Belajar mengenai diriku sendiri,
sesuatu yang sebelumnya tidak kusadari akan benar-benar terjadi. Diriku sendiri
yang kupikir lebih logis dalam bertindak dan mengambil keputusan, ternyata
tidak seutuhnya demikian. Aku selalu berpendapat bahwa hanya dalam kisah drama
televisi perasaan yang sama sekali irasonal itu benar-benar ada. Aku selalu
memandang sebelah mata mereka yang ditampilkan dalam kisah penuh romansa cinta
yang sulit dipahami dengan pikiran saja. Tapi beberapa jam lalu, aku
melakukannya.
Sejak awal, pandanganku sama,
bahwa dalam membangun kehidupan materi bukan sesuatu yang bisa diabaikan, meski
bukan yang bisa dijadikan sandaran. Aku sangat paham bahwa ada begitu banyak
kebutuhan yang seharusnya dipenuhi dengannya, dan memang sangat membutuhkannya.

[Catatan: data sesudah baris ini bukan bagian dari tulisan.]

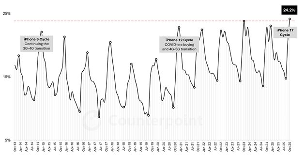 Counterpoint Research报告显示,2025年10月苹果全球智能手机出货量份额同比增12%至24.2%,创单月纪录。 iPhone 17系列的成功是推动苹果增长的关键动力,这得益于在美国、中国和西欧等主要成熟市场的疫情时期iPhone购机用户的

Di lain sisi aku juga sangat paham bahwa kebahagiaan batin bukan hanya
ditentukan oleh itu, entah apa namanya, yang jelas untuk mencapainya perlu
perpaduan yang sesuai antara keinginan batin dengan ketersedianya materi.
Seberapa banyak yang dibutuhkan tentu tidak sama, bisa jadi yang dianggap di
bawah batas standar nilai kekayaan secara umum itu lah yang justru mencapai
bahagianya. Tapi ada pula, yang mengaku tidak akan pernah mencapainya sebelum
batas tertentu yang direncanakan belum diraih.
Hari ini, beberapa jam lalu, aku
disuguhkan satu kepingan waktu yang membuatku harus memutuskan antara garis
batas logika dengan sisi irasionalku sebagai manusia. Ada masa depan
menjanjikan dengan nilai materi yang tidak main-main bagiku di sana, tapi ada
satu hal yang sangat jelas yang menghalangi bayangan masa depan itu. Satu hal,
yang masih membatasi diriku untuk berbaur dengan dunia, yang sejak dulu belum
benar-benar mampu kukendalikan, hal itu yang menghalangi bayangan yang banyak
orang sebut dengan masa depan menjanjikan. Ya, sebagian besar orang mengatakan
begitu. Tentu diriku tidak bisa mengingkari sisi dengan sedikit kebutuhan yang
banyak orang katakan materialistis ini, tapi aku lebih tidak bisa lagi menepis
titik irasional yang lebih dalam pada diriku.
Aku yang mengelu-elukan pemikiran
secara logis, justru terjebak dalam lembah perasaan. Tidak begitu luas hingga
aku bisa berhati-hati menghindarinya, tapi cukup dalam hingga akan sangat sulit
untuk keluar ketika sudah berada di dalamnya. Ini seperti, aku bisa melihat ke
arah mana seharusnya aku berjalan dengan segala rencana, tapi ada jalan lain
yang lebih membuatku nyaman melaluinya meski jauh lebih sulit. Ini seperti
sebuah kekuatan yang membuatku memutuskan bahwa aku dengan sadar menyatakan
diri ini siap atas segala kesulitan yang berkali lipat itu.